Bronwyn van Roon found out about the Personal Property Security Register the hard way when someone she’d never met claimed the truck she was selling.

Bronwyn van Roon's horse truck was just about to sell. She needed the money so she and her daughter could pay to upgrade to a new truck. They’d had the old one for two years, but they needed something bigger, gruntier.

“The money was this close to changing hands and all of a sudden, brakes are on,” Ms van Roon told Fair Go.

The buyer was getting finance and the finance company had spotted a problem. There was a security registered on the truck - a financing statement logged on the Personal Property Security Register, an online system the public can search that many do before they buy a car. It said that the seller from two years ago had owed money and the person they owed had staked a claim to the truck.

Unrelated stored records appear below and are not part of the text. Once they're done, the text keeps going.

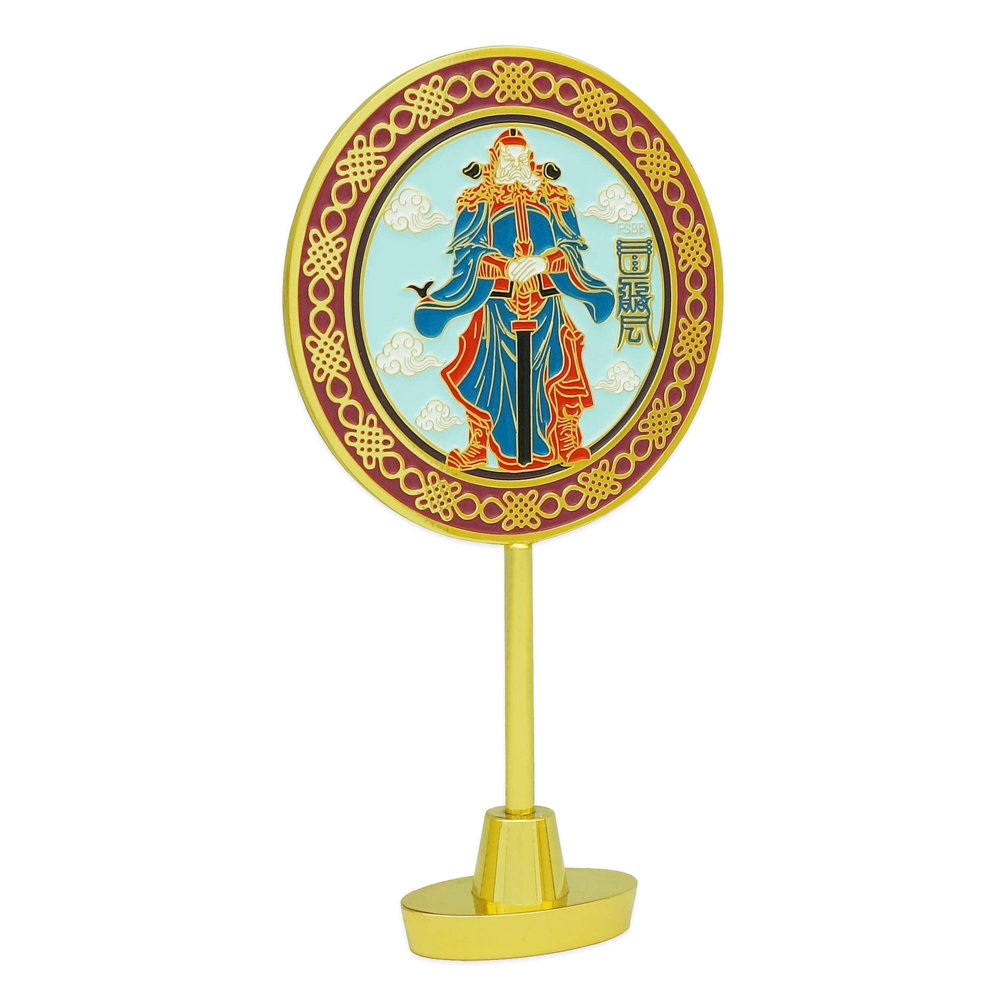 Crafted with exceptional precision and plated in radiant, high-quality gold-tone metal, this FSBB Standing Magic Mirror of Chung Kwei is a masterpiece inspired by the legendary Hu Hsin Ching — the ancient Taoist brass mirrors renowned for their mystical protective powers. Beautifully detailed with rich enamel colors, fine metalwork, and a perfectly balanced standing base, this mirror is designed not only as a powerful feng shui remedy but also as an elegant display piece that instantly elevates the energy and aesthetics of any space.
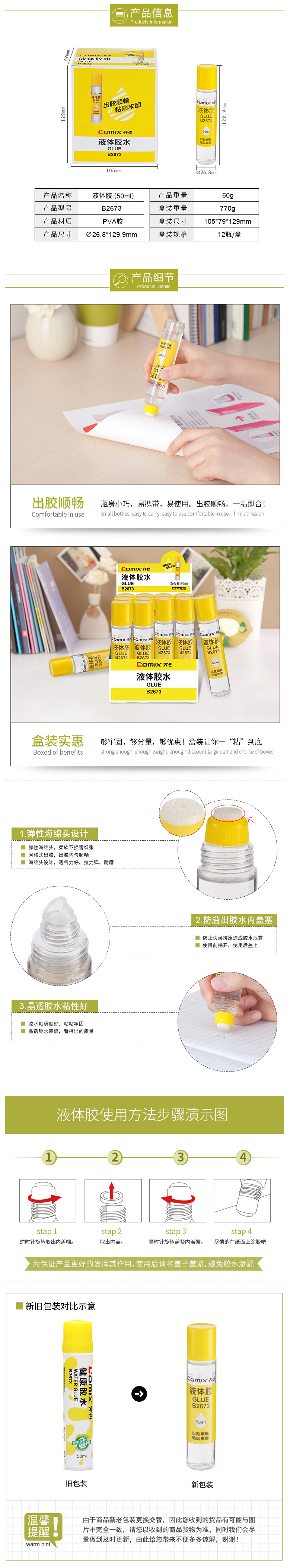 齊心(COMIX) B2673 海綿頭液體膠水50ml
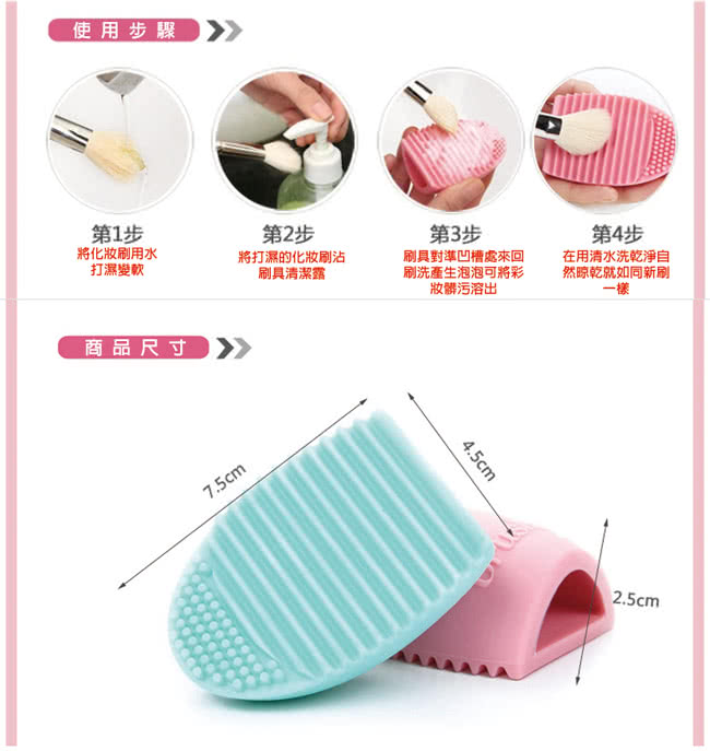 推薦刷具清潔露搭配蛋型洗刷版使用,洗刷具不需在用手清潔,蛋型刷具洗刷版的直條紋和交錯的面可洗大支刷,點點孔可以洗中小支刷具,把刷具洗好後,刷具頭朝下掛在洗曬架自然曬乾,保?刷具防止毛分叉,也可以刷具頭朝上插在架上,當收納工具,方便化妝時拿,一台兩用好方便。
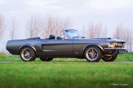 Ford Mustang Convertible, bouwjaar 1967. Kleur antraciet metallic met zwarte striping, een zwartlederen interieur en donkergrijze vloerbedekking. Zwarte cabrioletkap. Deze spectaculaire Ford Mustang convertible werd gerestaureerd en gebouwd door Ford Mustang specialist ‘Classic Speed’ in de USA. De auto werd perfect gerestaureerd en gereviseerd. Er werden 4100 uren in de auto geïnvesteerd en de restauratie werd afgerond in het jaar 2014. Een uitvoerige fotoreportage van de restauratie is aanwezig. Deze Ford Mustang verkeert in absolute topconditie en de auto rijdt geweldig! Mustang is tot op het hoogste niveau met bijna alle denkbare opties gerestaureerd. De nieuwe V8 ‘blueprinted’ injectiemotor levert een enorm vermogen van 430 PK (aantoonbaar) en is uitgerust met een automatische versnellingsbak. Tevens zijn de volgende opties gemonteerd; volledig lederen interieur, sportstoelen met stoelverwarming, Mota-lita sportstuur, Airconditioning, speciale 17” aluminium velgen, 13” remschijven voor en achter, speciaal gebouwd RVS uitlaatsysteem, Cobra luchtfilter, Stuurbekrachtiging, elektrische ramen, speciale veren en schokbrekers, Retrosound radio en een elektrische soft-top, Deze Mustang is geregistreerd in België. Dit is en zeer bijzondere Ford Mustang in fabelachtige topstaat!

Ms van Roon was utterly perplexed – she’d paid cash. She’d also checked on the PPSR that there was nothing owing before they bought it. More puzzling, the claim had been registered 20 days after the sale went through.

She was told "they don't actually check the paperwork that's submitted".

That was one of many calls Ms van Roon would make to the Ministry for Business, Innovation and Employment (MBIE), which administers the system. Getting this straightened out would take time and money and, in Ms van Roon's case, the help of a lawyer.

"The PPSR is notice to all the world that you've got a security interest in a particular piece of personal property," Lizandra Bailey of law firm Turner Hopkins said.

"There may be money owed on it or some form of contractual right over that particular piece of property so it's a warning, It means you have a right to go and enforce your security interests if it's on-sold."

And yes, you do need to have a legal right to register an interest and usually, the consent of the person you are making the claim against, but none of that is checked when someone files a claim.

”It’s based on an honesty type policy so yes there is the ability for anyone to register a security interest," Ms Bailey said.

PPSR - MBIE - it was all alphabet soup for Ms van Roon, and it was leaving a bad taste. And who was this mysterious stranger anyway?

"Somewhere a guy was holding some sort of grudge ... we got caught up in it," Ms van Roon told Fair Go.

Turns out the previous owner had been in a relationship with a man named Rangi Whakaruru, a former advisor to the Māori King, Tuheitia, now awaiting sentence on fraud charges unrelated to the mess this had caused for Ms van Roon.

Mr Whakaruru didn’t own the truck, but there appeared to be a dispute with the previous owner. He wasn’t responding to messages from Ms van Roon nor from Fair Go, yet at the stroke of a pen or a keyboard, he could have lifted the statement.

Ms van Roon was despairing as calls to MBIE continued.

“If it had to go through the High Court - which they kept telling me it potentially could - it could take six months or more,” Ms van Roon told Fair Go.

By law, it can take just 10 days before the Companies Registrar is able to remove a record the register because it is “frivolous or vexatious” - but all up this took 30 days and Ms van Roon was very vexed - mostly by how she’d nearly lost the sale waiting for the bureaucrats to act.

“I was annoyed at the guy, but these things happen. The system, however - there's no excuse for the system allowing these things to happen.”

MBIE defends its actions. It says there are 1.85 million statements registered on the PPSR and in the past five years, 86 have been discharged “as a result of the change demand process”.

In other words, it’s an open system and if officials had to check what is added, that would cost a lot more, meaning only big businesses could use it and benefit from it, whereas now anyone from a car dealer to someone supplying a large or expensive bit of equipment can safeguard their claim to a piece of property while the transaction goes through or the money is paid off.

MBIE says it is planning to clarify the process which members of the public can follow to have an improperly registered financing statement removed.

But with no fine or other penalty written into the law, the system could be open to abuse without consequences. Ms van Roon just hopes no one else gets caught up in it like she did.